> _What is required_: The lines below from the one with "We are selling" up to and including the one with "甲胄纹身图片_成品腿部传统肖像原创图腾无上纹图招生静物纹身图案" are what you should set down, exactly and without pictures.

> _Data excerpt_:
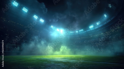 A brightly lit, empty soccer stadium under dramatic night skies, with mist and spotlights creating an atmospheric scene
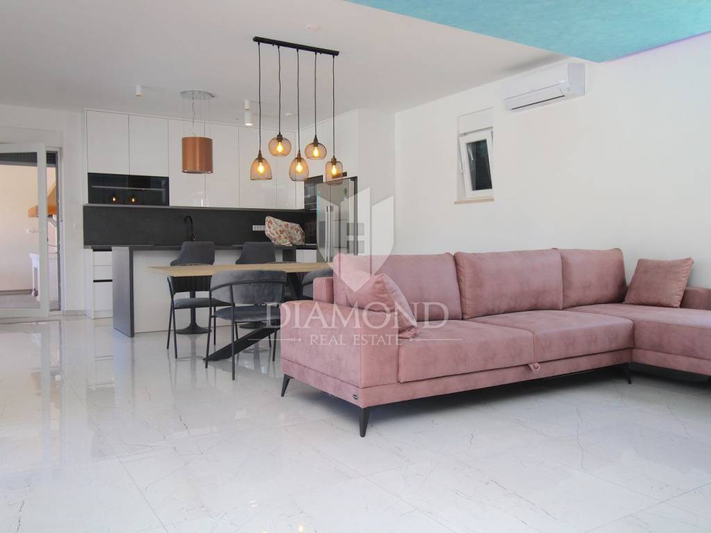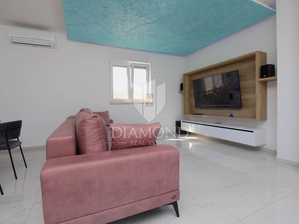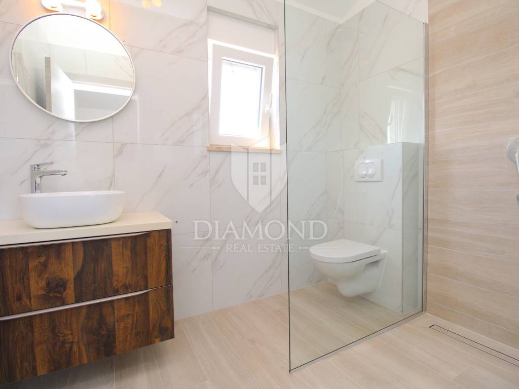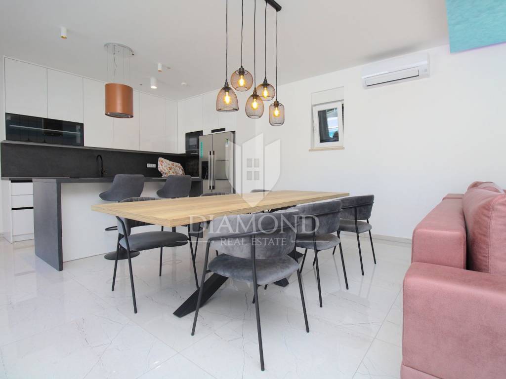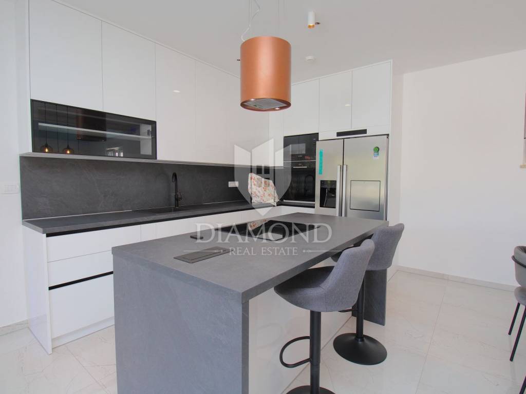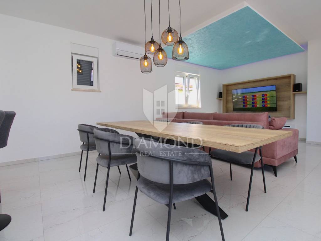 We are selling a new villa with a swimming pool in the area of Central Istria in the vicinity of Svetvinčent. The villa is for sale brand new, unused, equipped and furnished. The villa has a total area of 177 square meters and consists of 3 bedrooms with bathrooms, a large living area consisting of a kitchen, dining room and living room, an additional toilet and a large covered terrace with a summer kitchen. The villa is located on a large fenced plot of 919 square meters, where there is a covered parking lot for 3 cars, a children's playground, a lounge area, and the central part is occupied by a large swimming pool with an arranged sunbathing area. The villa has installed the most modern heating and cooling systems, video surveillance, pool automation, and all of the above is managed using a mobile application.
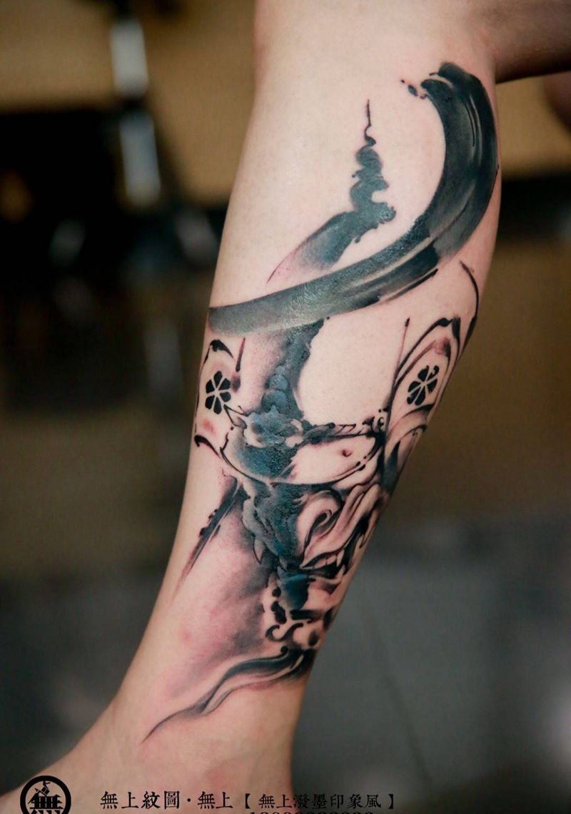 甲胄纹身图片_成品腿部传统肖像原创图腾无上纹图招生静物纹身图案
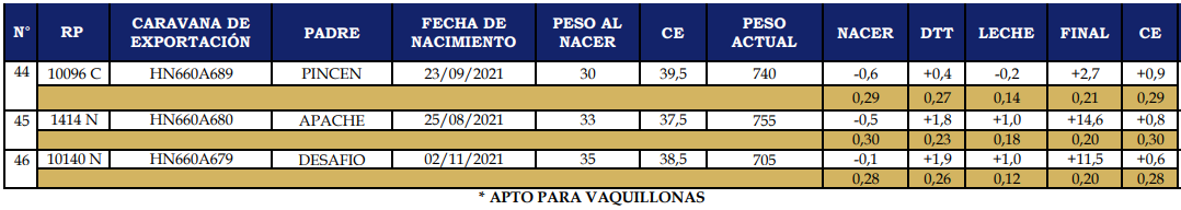LOTE 17, TOROS ANGUS PUROS CONTROLADOS Lote Anterior Volver al remate Lote Siguiente Información del Lote Animales del Lote Pedigree Ofertar Contacto Buenos Aires - 9 de Julio. - Buenos Aires. Información del Lote Identificador: #232560 Cantidad 3 Categoría Toros Departamento Buenos Aires Ubicación 9 de Julio. - Buenos Aires. Buenos Aires - 9 de Julio. - Buenos Aires. Ofertar Fecha de cierre: 30 de Agosto a las 20:00hs. Aún no tiene ofertas Animales: (44) 10096 C (45) 1414 N (46) 10140 N Plazo: Contado 30 días 45 días 60 días 90 días 120 días 180 días Contado, 30 y 60 dias Su Oferta en $: − + Step: -50.000,00 / +50.000,00 Programar puja hasta: Programar puja hasta Aumentar puja programada 750000 1650000 **Oferta al bulto Iniciar sesión para ofertar Ofertar Compra por $ 99.000.000,00 Ofertas Recibidas $ Fecha/Hora Estado Este lote aún no tiene preofertas. ¿Estás seguro de comprar el LOTE TOROS ANGUS PUROS CONTROLADOS por $ 99000000 ? 38 Visualizaciones ClicData Animales del Lote RP (44) 10096 C (45) 1414 N (46) 10140 N PADRE PINCEN APACHE DESAFIO NAC 23/9/2021 25/8/2021 2/11/2021 CE 39,5 37,5 38,5 PF 740 755 705 PN 30 33 35 PRECIO BASE 0.00 0.00 0.00 RP (44) 10096 C PADRE PINCEN NAC 23/9/2021 CE 39,5 PF 740 PN 30 PRECIO BASE 0.00 RP (45) 1414 N PADRE APACHE NAC 25/8/2021 CE 37,5 PF 755 PN 33 PRECIO BASE 0.00 RP (46) 10140 N PADRE DESAFIO NAC 2/11/2021 CE 38,5 PF 705 PN 35 PRECIO BASE 0.00 Pedigree Contacto Empresa: La Cassina Nombre*: E-mail* : Mensaje Enviar Registrese gratis Este contenido Exclusivo está disponible sólo para usuarios registrados Ingresar

> _Written answer_:
 We are selling a new villa with a swimming pool in the area of Central Istria in the vicinity of Svetvinčent. The villa is for sale brand new, unused, equipped and furnished. The villa has a total area of 177 square meters and consists of 3 bedrooms with bathrooms, a large living area consisting of a kitchen, dining room and living room, an additional toilet and a large covered terrace with a summer kitchen. The villa is located on a large fenced plot of 919 square meters, where there is a covered parking lot for 3 cars, a children's playground, a lounge area, and the central part is occupied by a large swimming pool with an arranged sunbathing area. The villa has installed the most modern heating and cooling systems, video surveillance, pool automation, and all of the above is managed using a mobile application.
 甲胄纹身图片_成品腿部传统肖像原创图腾无上纹图招生静物纹身图案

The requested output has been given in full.